- Origin: Florence, South Carolina, United States
- Genres: Death metal Metalcore
- Years active: 2005–2011, 2014–present
- Labels: Tragic Hero Records (2007–2009) Relapse (2009–present)
- Members: Richard Turbeville Justin Brown Damon Welch Jeff Pence Ryan Blum
- Website: http://www.myspace.com/FROMGRAVESOFVALOR

= Graves of Valor =

American death metal band

Graves of Valor is an American death metal band from Florence, South Carolina, United States, formed in 2005. They signed to Relapse Records and released their only album, Salarian Gate, on May 26, 2009.

==History==
Formed in December 2005 in Florence, South Carolina, as "From Graves of Valor," the band solidified its lineup when ex-Through the Eyes of the Dead members Jeff Springs, Richard Turbeville, and Dayton Cantley joined bassist David Hasselbring and Damon Welch.

The band recorded their debut album, Salarian Gate, at Mana Recording Studios in Tampa, Florida, with engineer Brian Elliott.
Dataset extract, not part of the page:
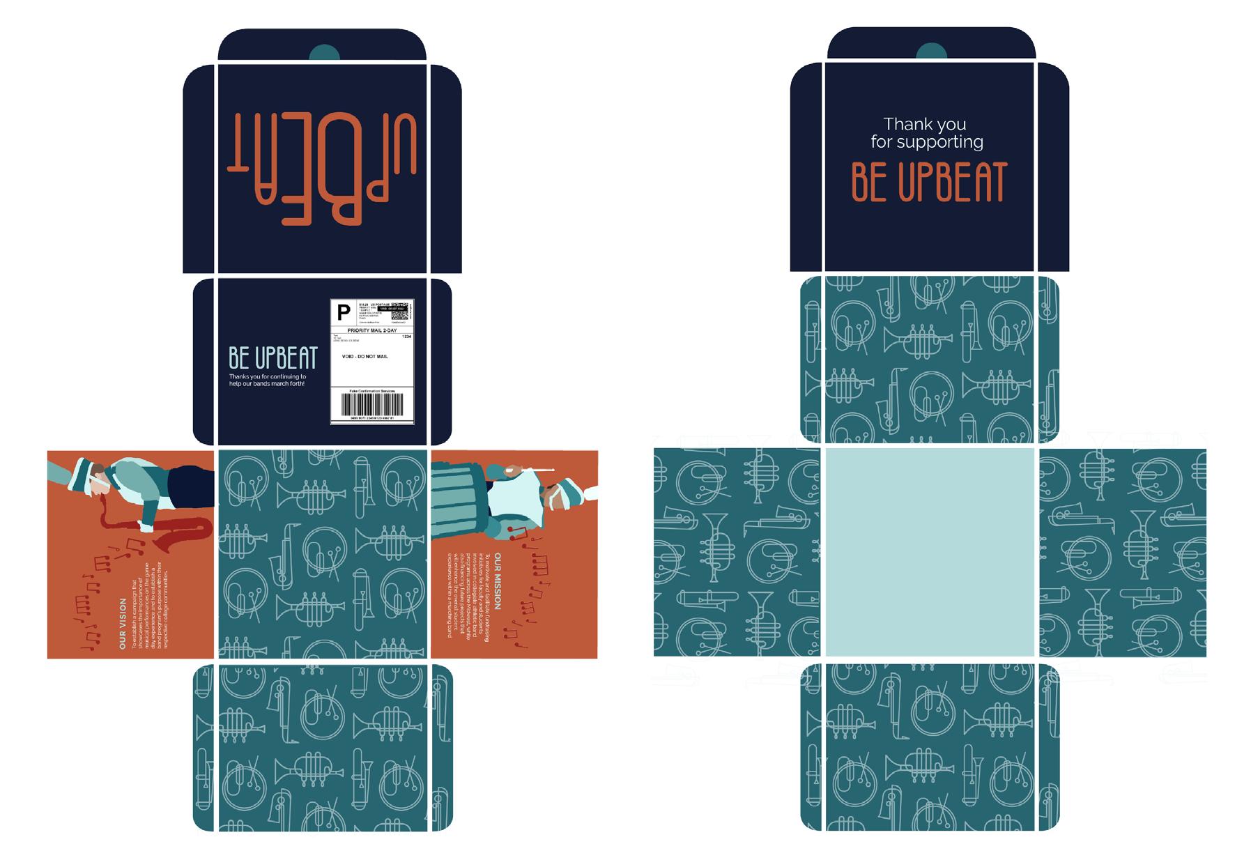 The Brochure serves as a quick introduction explaining the basis of the Be Upbeat campaign. It can easily be handed out to potential supporters and based both on university campus (such as music/art schools) or mailed out to those who aren’t able to access a participating campus.
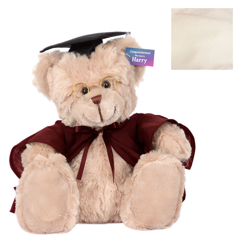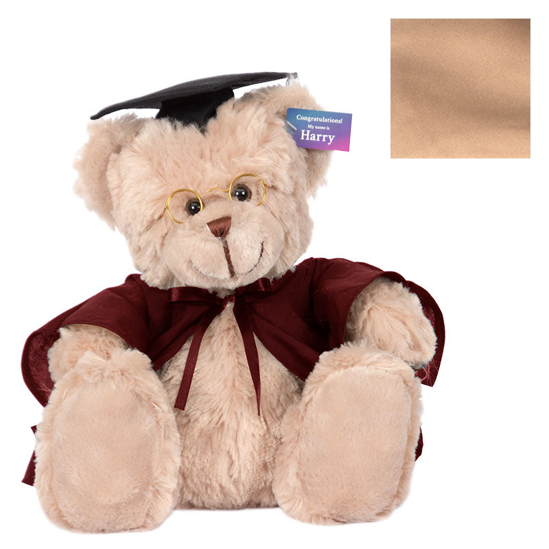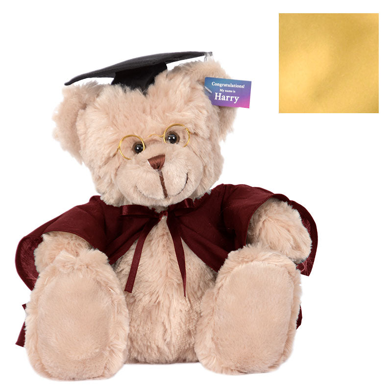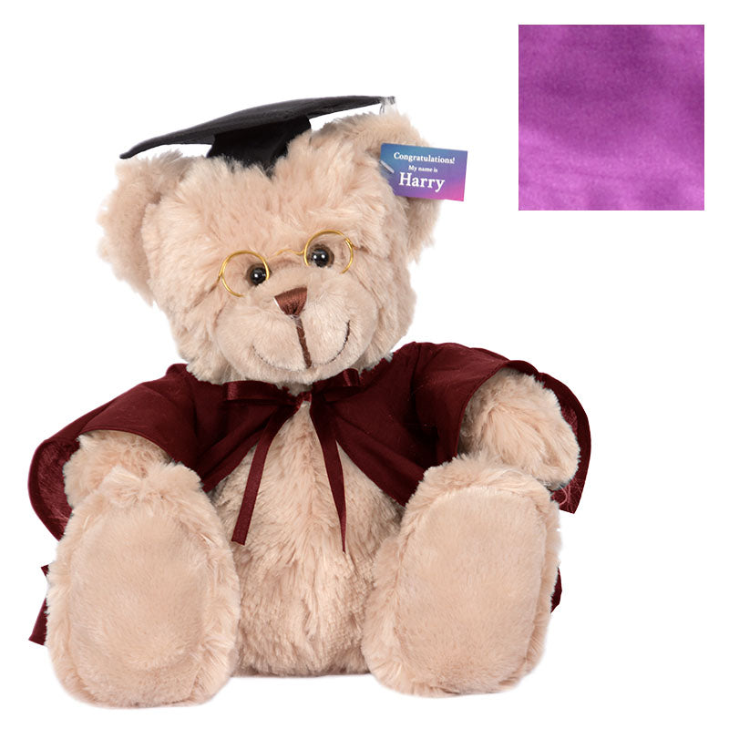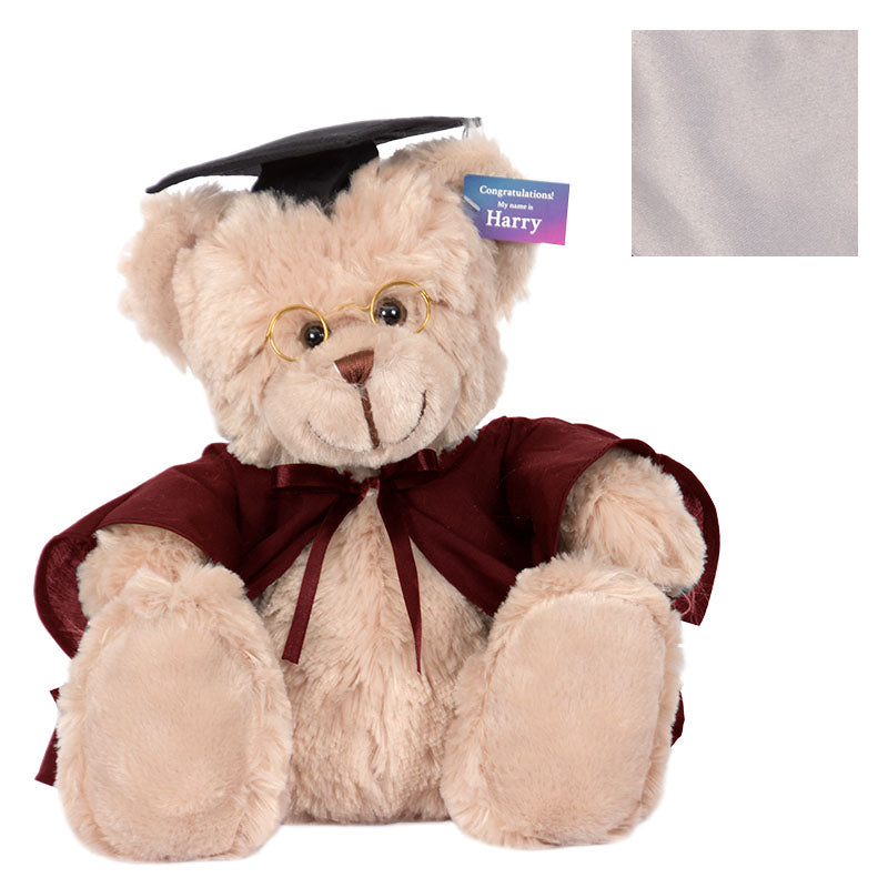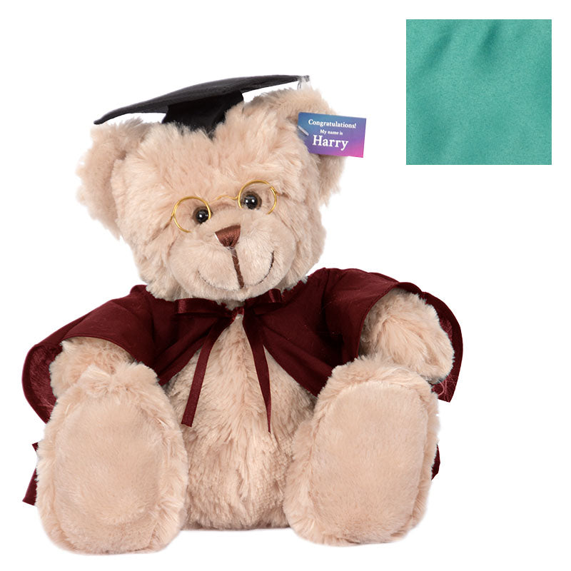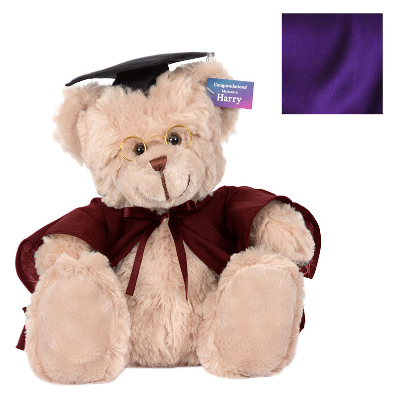 At 40cm high, Cuddly Harry bear has soft light brown fur, and comes complete with round spectacles, graduation cap, robe & hood in your faculty colour

In April and May 2009, they joined the Relapse Contamination Tour with labelmates Obscura and Abysmal Dawn prior to the album's US release. Graves of Valor completed a three-week tour supporting Salt the Wound in September 2009 with Knights of the Abyss and Within the Ruins.

Graves of Valor disbanded after failing to secure a full line-up and a full-time drummer. The band recently reformed as Ditch Eel with Jeff Springs and Dayton Cantley, shifting from death metal to Southern-inspired metal.

==Members==
- Current
- Richard Turbeville – Guitar
- Damon Welch – Vox
- Justin Brown – Guitar
- Jeff Pence – Drums
- Ryan Blum – Bass
- Former
- David Hasselbring – Bass
- Billy Wood – Bass
- Jeff Springs – Guitar
- Dayton Cantley – Drums

==Discography==
=== as From Graves of Valor===
- Famine EP (Tragic Hero, 2007)

===as Graves of Valor===
- Salarian Gate (Relapse, 2009)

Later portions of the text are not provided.